Although the records contain pictures, repeat only the text of every line exactly.

##### Records

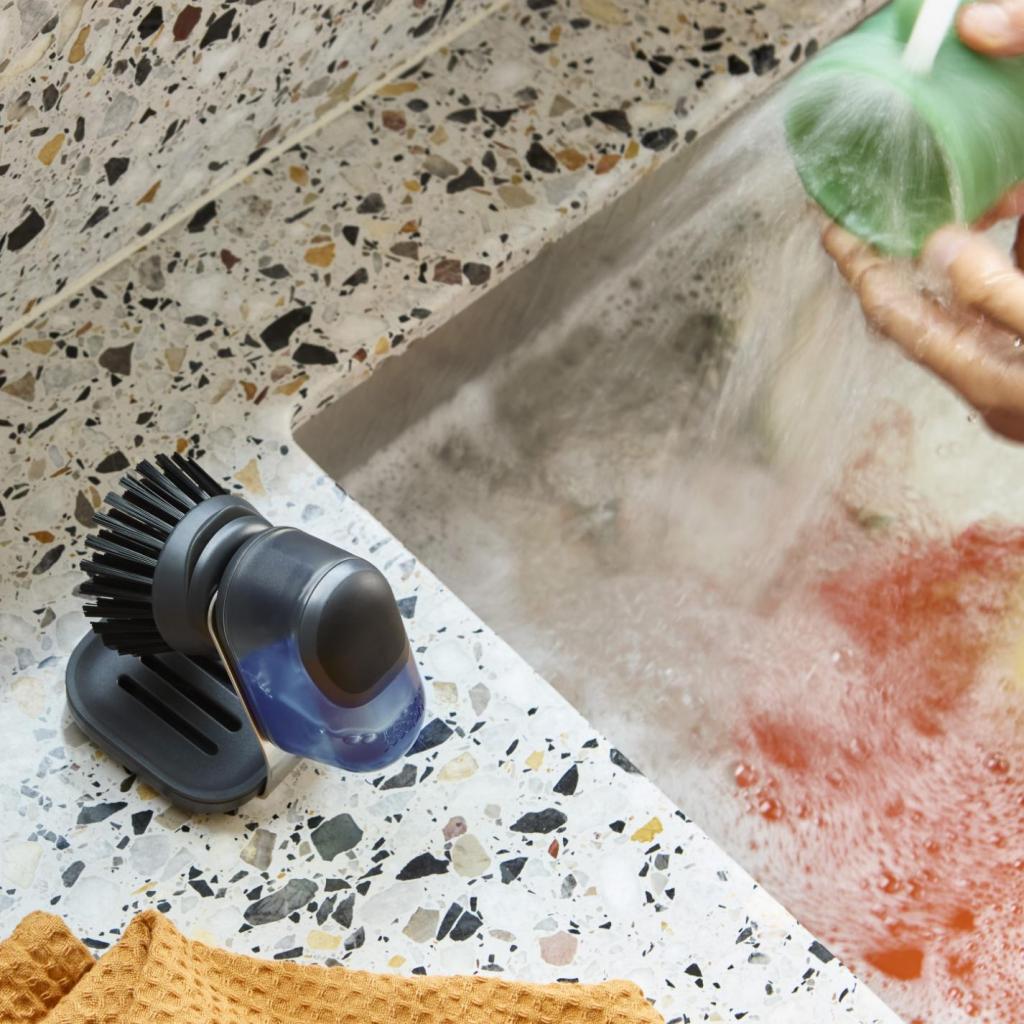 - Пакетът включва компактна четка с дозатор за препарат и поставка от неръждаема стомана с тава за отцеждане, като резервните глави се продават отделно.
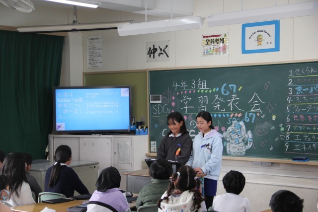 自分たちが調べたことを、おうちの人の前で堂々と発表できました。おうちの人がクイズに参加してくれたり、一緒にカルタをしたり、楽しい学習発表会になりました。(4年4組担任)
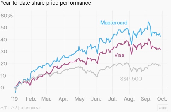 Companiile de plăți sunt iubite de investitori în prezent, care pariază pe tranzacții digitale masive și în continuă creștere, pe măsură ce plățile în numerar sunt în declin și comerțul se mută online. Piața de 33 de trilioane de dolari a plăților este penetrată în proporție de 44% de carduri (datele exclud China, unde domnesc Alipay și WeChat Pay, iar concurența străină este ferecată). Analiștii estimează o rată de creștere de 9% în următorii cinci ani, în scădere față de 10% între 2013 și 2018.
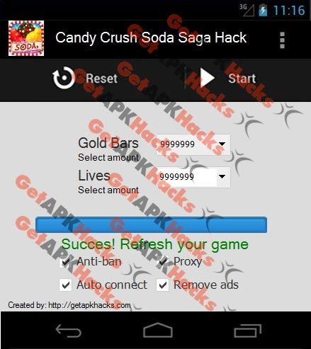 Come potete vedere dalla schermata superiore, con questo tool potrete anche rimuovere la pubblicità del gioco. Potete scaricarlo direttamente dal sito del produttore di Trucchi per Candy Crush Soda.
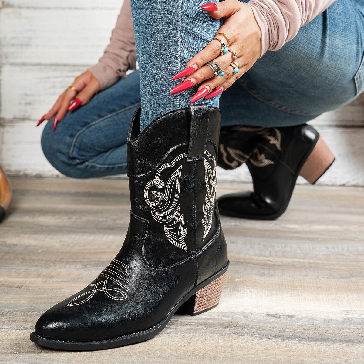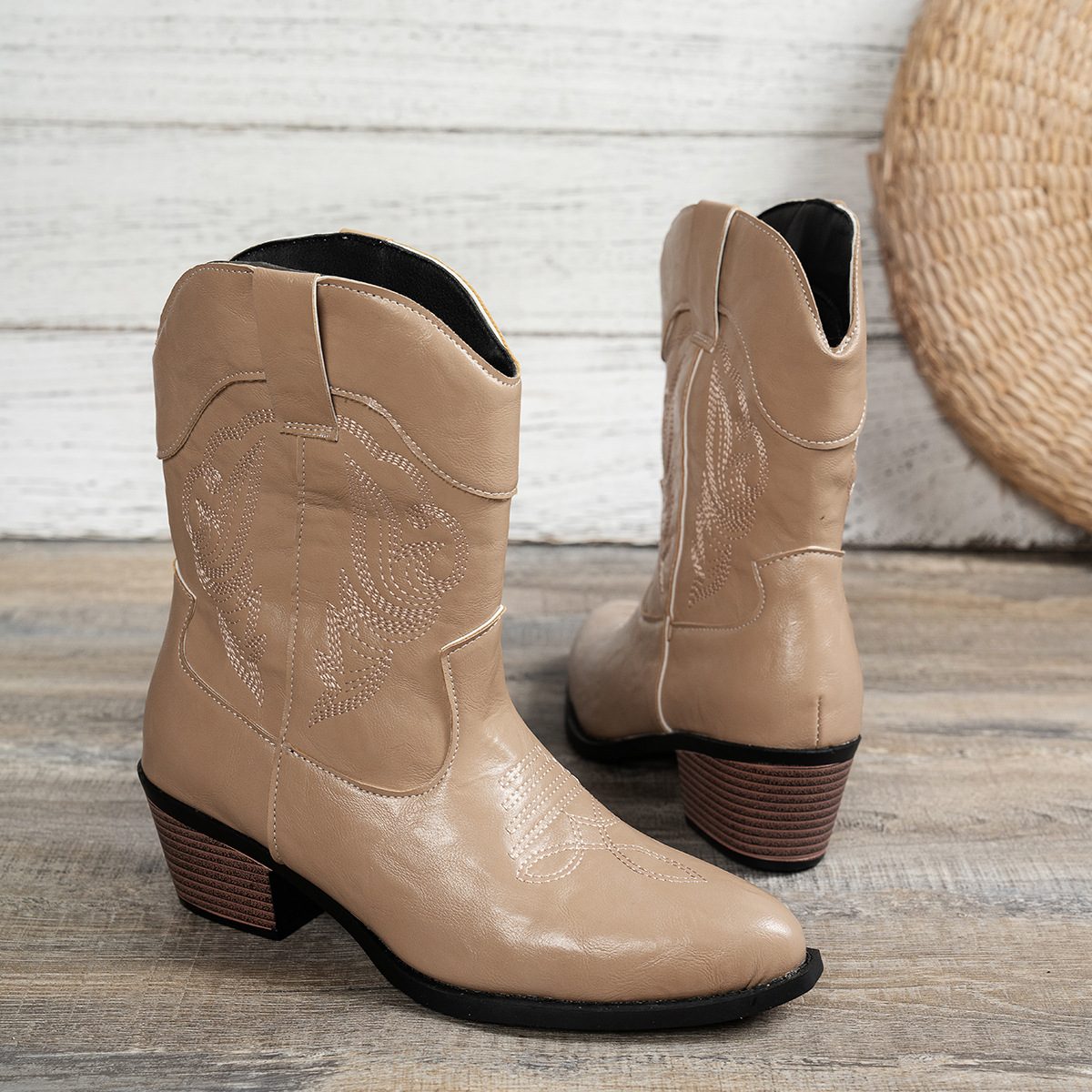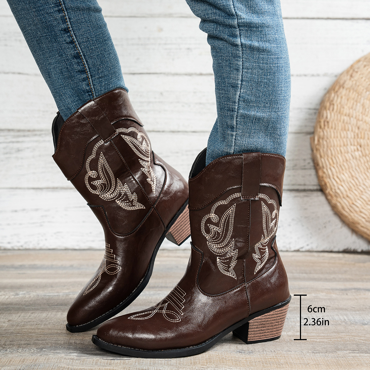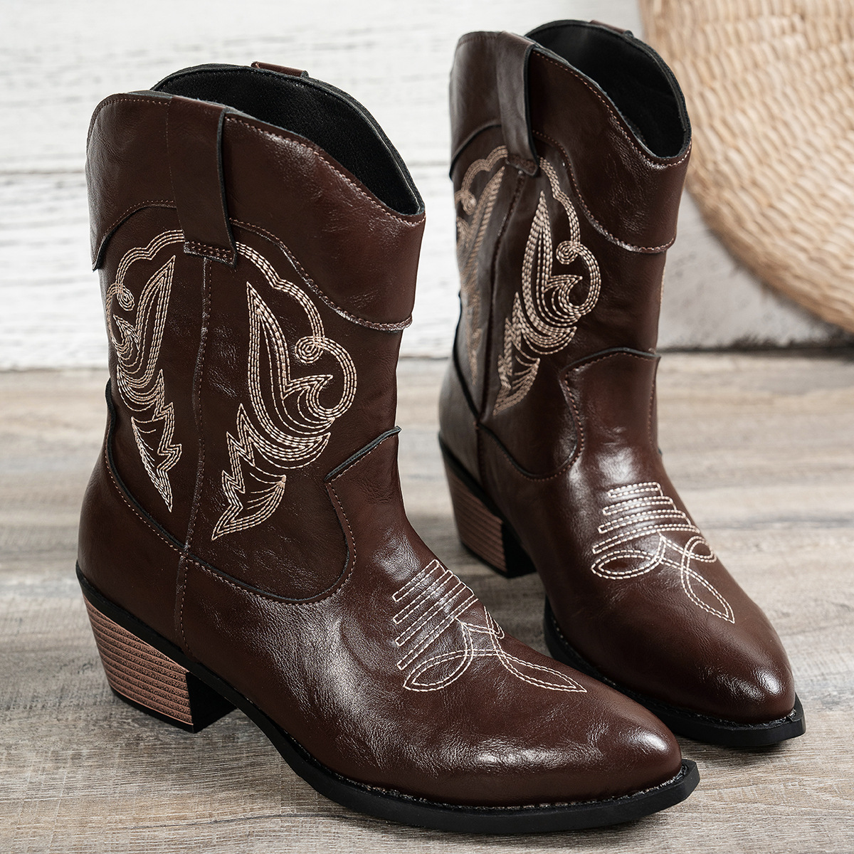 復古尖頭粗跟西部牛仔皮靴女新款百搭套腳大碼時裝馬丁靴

##########

### The answer
 - Пакетът включва компактна четка с дозатор за препарат и поставка от неръждаема стомана с тава за отцеждане, като резервните глави се продават отделно.
 自分たちが調べたことを、おうちの人の前で堂々と発表できました。おうちの人がクイズに参加してくれたり、一緒にカルタをしたり、楽しい学習発表会になりました。(4年4組担任)
 Companiile de plăți sunt iubite de investitori în prezent, care pariază pe tranzacții digitale masive și în continuă creștere, pe măsură ce plățile în numerar sunt în declin și comerțul se mută online. Piața de 33 de trilioane de dolari a plăților este penetrată în proporție de 44% de carduri (datele exclud China, unde domnesc Alipay și WeChat Pay, iar concurența străină este ferecată). Analiștii estimează o rată de creștere de 9% în următorii cinci ani, în scădere față de 10% între 2013 și 2018.
 Come potete vedere dalla schermata superiore, con questo tool potrete anche rimuovere la pubblicità del gioco. Potete scaricarlo direttamente dal sito del produttore di Trucchi per Candy Crush Soda.
 復古尖頭粗跟西部牛仔皮靴女新款百搭套腳大碼時裝馬丁靴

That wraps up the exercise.